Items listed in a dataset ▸
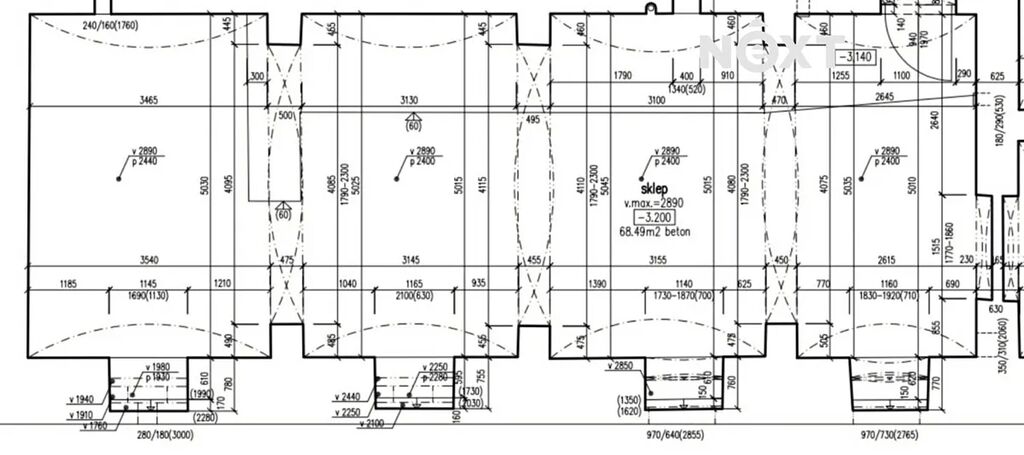 Komerční prostor, o výměře 55,1 m2, se nalézá v 1. podzemním podlaží cihlového domu z počátku minulého století.
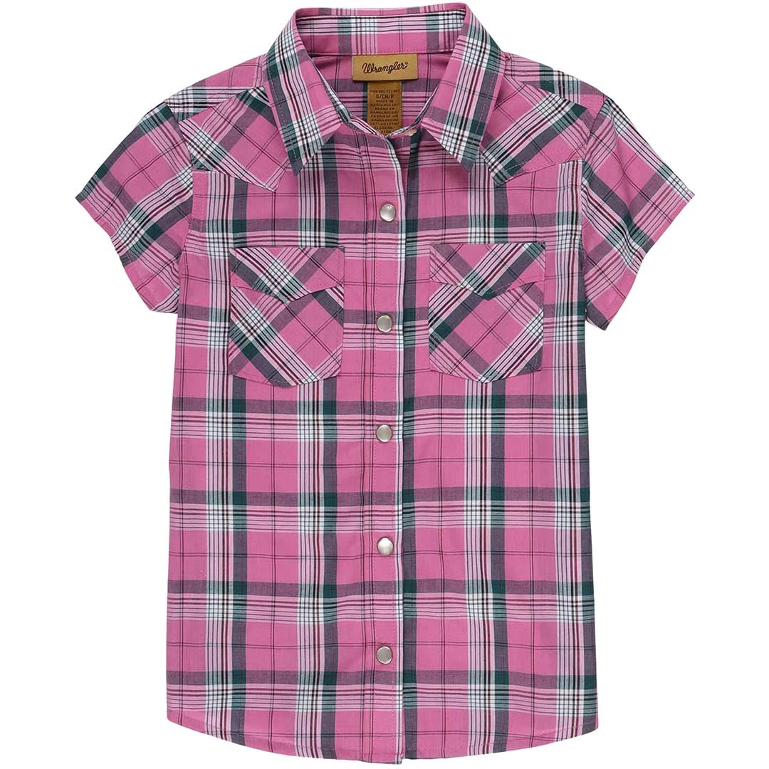 Wrangler Girls’ Short Sleeve Plaid Snap Shirt
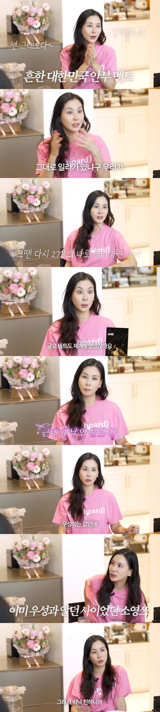 고소영은 "만났더니 막 서로 칭찬, 좋은 말, '넌 그대로다' '감독님도요' 이랬다. 그대로 일리가 있냐 우리가. 근데 그때랑 똑같다"며 김성수 감독과 만날 때는 '비트'를 찍던 27살로 돌아가는 느낌이라고 전했다.
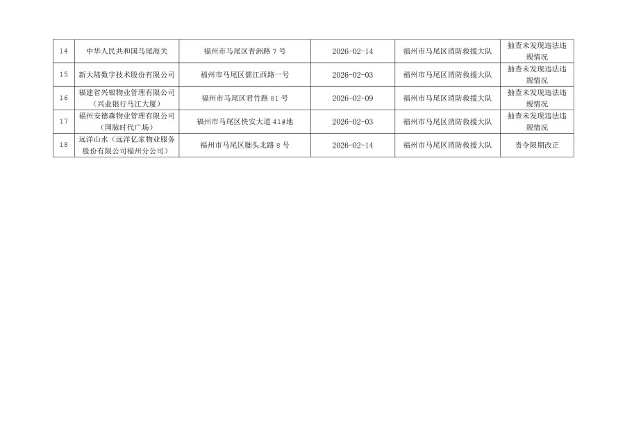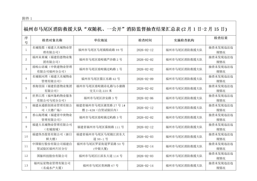 按照福建省消防救援总队《关于开展“双随机、一公开”监督抽查工作的通知》文件要求,2026年2月1日至15日,福州市马尾区消防救援大队对消防监督系统中随机抽取的单位进行了检查,现将检查结果向社会公示,具体抽查结果公示如下:
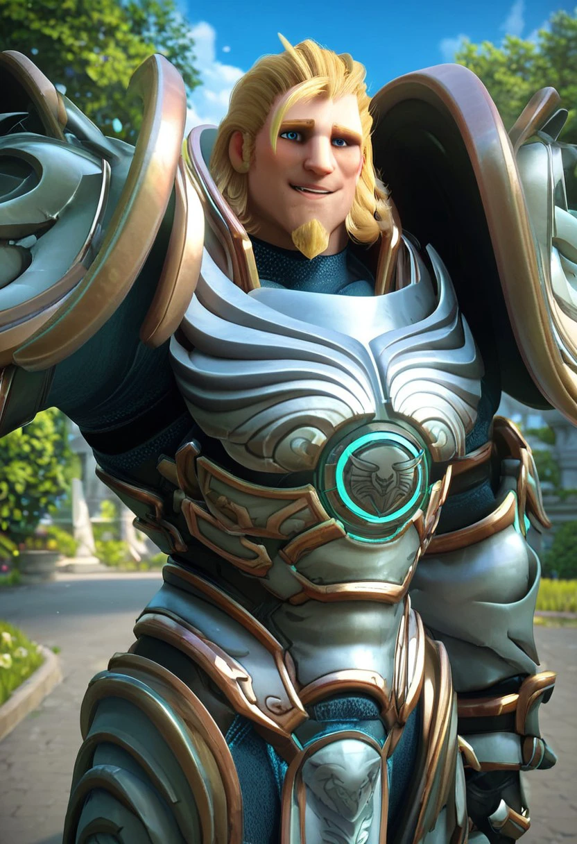 To generate his actual crusader outfit - reinhardt \(crusader\) \(overwatch\), 1boy, medium hair, blonde hair, goatee, blue eyes, armor, pauldron

WORK REQUIRED ▸ From the first line to the last, repeat the records above exactly, leaving out the pictures.

SOLUTION TO THIS TASK ▸
 Komerční prostor, o výměře 55,1 m2, se nalézá v 1. podzemním podlaží cihlového domu z počátku minulého století.
 Wrangler Girls’ Short Sleeve Plaid Snap Shirt
 고소영은 "만났더니 막 서로 칭찬, 좋은 말, '넌 그대로다' '감독님도요' 이랬다. 그대로 일리가 있냐 우리가. 근데 그때랑 똑같다"며 김성수 감독과 만날 때는 '비트'를 찍던 27살로 돌아가는 느낌이라고 전했다.
 按照福建省消防救援总队《关于开展“双随机、一公开”监督抽查工作的通知》文件要求,2026年2月1日至15日,福州市马尾区消防救援大队对消防监督系统中随机抽取的单位进行了检查,现将检查结果向社会公示,具体抽查结果公示如下:
 To generate his actual crusader outfit - reinhardt \(crusader\) \(overwatch\), 1boy, medium hair, blonde hair, goatee, blue eyes, armor, pauldron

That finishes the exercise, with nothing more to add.